Pozostając w tematyce nauki, a ściślej najbardziej efektywnej jej odmiany jaką są udziały w konkursach, olimpiadach i projektach, pamiętam swoją pierwszą umowę z nauczycielem. Moja wychowawczyni obiecała, że kiedy wygram miejsko-gminny konkurs ekologiczny, to z radości będzie skakała pod sam sufit. Nie jestem pewny, czy pani Piasna spodziewała się czekającej jej wzmożonej aktywności fizycznej przy asyście widowni jej wychowanków, czy też chciała mnie tylko zmotywować do pracy – w każdym razie konkurs wygrałem. A że przecież umów należy dotrzymywać, to klasa miała interesujące widowisko. (…)

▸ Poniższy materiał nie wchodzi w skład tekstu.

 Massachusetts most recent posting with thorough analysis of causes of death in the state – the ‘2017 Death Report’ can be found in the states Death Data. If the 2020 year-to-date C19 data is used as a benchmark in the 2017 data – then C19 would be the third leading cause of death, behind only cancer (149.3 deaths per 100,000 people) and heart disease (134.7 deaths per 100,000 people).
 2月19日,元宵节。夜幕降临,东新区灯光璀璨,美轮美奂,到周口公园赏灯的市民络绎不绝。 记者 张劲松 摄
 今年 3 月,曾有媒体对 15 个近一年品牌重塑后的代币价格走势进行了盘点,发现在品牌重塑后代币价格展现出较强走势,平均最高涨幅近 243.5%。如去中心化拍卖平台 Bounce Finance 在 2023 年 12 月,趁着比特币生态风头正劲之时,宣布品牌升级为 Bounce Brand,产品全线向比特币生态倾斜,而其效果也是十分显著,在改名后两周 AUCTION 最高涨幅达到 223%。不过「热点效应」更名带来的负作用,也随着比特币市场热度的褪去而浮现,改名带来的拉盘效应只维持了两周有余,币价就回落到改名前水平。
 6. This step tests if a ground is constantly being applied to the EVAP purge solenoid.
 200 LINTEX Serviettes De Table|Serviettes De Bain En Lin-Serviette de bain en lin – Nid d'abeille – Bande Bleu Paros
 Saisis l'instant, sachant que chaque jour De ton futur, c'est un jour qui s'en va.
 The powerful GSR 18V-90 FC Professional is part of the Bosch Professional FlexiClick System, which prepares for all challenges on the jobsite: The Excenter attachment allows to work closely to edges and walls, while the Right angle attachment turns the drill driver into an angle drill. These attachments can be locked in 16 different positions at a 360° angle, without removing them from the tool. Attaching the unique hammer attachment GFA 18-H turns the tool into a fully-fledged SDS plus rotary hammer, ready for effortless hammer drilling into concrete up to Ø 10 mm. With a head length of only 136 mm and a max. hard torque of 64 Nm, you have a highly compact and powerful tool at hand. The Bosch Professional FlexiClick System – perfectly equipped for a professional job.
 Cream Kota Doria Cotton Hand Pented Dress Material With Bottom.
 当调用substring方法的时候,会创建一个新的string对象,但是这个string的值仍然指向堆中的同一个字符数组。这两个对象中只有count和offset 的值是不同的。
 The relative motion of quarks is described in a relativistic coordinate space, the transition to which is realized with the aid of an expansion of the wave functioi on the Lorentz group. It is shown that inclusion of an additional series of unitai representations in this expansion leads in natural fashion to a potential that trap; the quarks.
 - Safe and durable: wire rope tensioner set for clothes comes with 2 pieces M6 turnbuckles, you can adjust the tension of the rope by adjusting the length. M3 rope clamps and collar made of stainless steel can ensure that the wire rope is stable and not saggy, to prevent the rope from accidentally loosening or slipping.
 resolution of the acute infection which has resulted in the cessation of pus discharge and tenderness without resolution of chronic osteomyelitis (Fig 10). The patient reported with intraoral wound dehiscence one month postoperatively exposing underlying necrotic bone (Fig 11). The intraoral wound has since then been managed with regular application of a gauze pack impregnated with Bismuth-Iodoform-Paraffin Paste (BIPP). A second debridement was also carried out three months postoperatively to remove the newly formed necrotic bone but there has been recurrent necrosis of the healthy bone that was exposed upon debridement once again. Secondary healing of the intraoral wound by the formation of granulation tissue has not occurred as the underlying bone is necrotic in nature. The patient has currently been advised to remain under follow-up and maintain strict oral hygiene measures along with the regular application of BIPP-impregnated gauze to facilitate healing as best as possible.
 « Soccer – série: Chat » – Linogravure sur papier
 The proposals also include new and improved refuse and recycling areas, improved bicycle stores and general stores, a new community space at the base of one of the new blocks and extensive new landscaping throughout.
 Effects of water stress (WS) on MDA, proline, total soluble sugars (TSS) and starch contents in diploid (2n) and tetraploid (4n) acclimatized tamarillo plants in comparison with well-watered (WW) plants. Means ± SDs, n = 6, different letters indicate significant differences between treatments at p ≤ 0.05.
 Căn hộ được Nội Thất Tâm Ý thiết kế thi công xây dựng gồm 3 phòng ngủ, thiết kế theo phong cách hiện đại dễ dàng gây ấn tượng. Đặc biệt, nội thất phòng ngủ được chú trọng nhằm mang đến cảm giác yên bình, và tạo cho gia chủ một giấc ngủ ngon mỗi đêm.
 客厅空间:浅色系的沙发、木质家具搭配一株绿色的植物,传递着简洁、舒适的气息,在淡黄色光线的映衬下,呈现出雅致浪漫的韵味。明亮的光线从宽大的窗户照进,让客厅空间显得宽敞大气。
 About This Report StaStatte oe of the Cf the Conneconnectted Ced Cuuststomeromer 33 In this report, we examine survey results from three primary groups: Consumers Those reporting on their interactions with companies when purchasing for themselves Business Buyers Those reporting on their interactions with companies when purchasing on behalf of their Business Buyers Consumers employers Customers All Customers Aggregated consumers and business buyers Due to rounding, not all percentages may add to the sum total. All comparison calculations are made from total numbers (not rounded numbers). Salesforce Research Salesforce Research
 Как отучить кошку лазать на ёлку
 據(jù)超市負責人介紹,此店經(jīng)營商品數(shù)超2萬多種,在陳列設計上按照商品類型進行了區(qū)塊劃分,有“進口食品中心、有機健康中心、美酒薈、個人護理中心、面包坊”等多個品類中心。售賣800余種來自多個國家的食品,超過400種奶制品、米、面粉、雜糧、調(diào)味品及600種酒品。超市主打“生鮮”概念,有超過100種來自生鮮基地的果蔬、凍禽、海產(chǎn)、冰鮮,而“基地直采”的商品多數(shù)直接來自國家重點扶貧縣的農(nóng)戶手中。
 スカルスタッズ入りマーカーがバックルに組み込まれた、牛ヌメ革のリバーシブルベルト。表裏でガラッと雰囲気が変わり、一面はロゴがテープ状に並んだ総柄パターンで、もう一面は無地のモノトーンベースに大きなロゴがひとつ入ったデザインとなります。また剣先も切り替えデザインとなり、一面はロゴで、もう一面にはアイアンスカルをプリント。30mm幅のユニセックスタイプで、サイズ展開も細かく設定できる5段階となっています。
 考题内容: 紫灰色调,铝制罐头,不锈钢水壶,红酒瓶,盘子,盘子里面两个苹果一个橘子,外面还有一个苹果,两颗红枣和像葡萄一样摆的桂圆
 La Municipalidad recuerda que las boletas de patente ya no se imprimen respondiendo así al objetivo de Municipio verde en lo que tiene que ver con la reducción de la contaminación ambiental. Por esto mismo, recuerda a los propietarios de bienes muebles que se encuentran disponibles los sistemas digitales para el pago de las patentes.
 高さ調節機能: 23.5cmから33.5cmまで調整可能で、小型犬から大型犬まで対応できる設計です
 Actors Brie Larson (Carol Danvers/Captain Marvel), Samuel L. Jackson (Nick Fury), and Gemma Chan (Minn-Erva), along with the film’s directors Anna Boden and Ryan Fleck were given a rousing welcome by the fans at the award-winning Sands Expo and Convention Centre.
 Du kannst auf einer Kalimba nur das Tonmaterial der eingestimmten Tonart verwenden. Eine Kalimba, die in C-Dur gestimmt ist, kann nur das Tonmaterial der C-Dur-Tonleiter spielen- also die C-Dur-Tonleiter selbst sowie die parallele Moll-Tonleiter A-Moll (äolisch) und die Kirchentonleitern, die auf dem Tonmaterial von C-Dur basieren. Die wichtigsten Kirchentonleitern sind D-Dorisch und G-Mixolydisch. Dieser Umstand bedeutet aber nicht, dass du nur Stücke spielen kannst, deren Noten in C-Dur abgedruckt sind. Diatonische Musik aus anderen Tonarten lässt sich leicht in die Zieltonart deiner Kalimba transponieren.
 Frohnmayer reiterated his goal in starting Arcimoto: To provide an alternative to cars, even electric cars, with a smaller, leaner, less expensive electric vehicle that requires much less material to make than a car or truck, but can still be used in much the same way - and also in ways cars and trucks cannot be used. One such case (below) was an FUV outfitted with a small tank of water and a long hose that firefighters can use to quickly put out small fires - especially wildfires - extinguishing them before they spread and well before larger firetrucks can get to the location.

Zachęcamy do przeczytania wszystkich nagrodzonych prac. Są szczere, wzruszające i dowodzą silnych związków uczuciowych z miejscem, w którym autorzy zaczynali swoją edukację.
Główne cele konkursu założone przez organizatorów zostały zrealizowane w stu procentach. Jednak oprócz popularyzacji wiedzy teraźniejszej i historycznej o szkolnictwie w rejonie szkoły, rozbudzania postaw patriotycznych i twórczych, życie dopisało jeszcze jeden efekt – spotkanie przyjaciół ze szkolnej ławy, realizację marzeń i dumę z przynależności do grona absolwentów naszej szkoły.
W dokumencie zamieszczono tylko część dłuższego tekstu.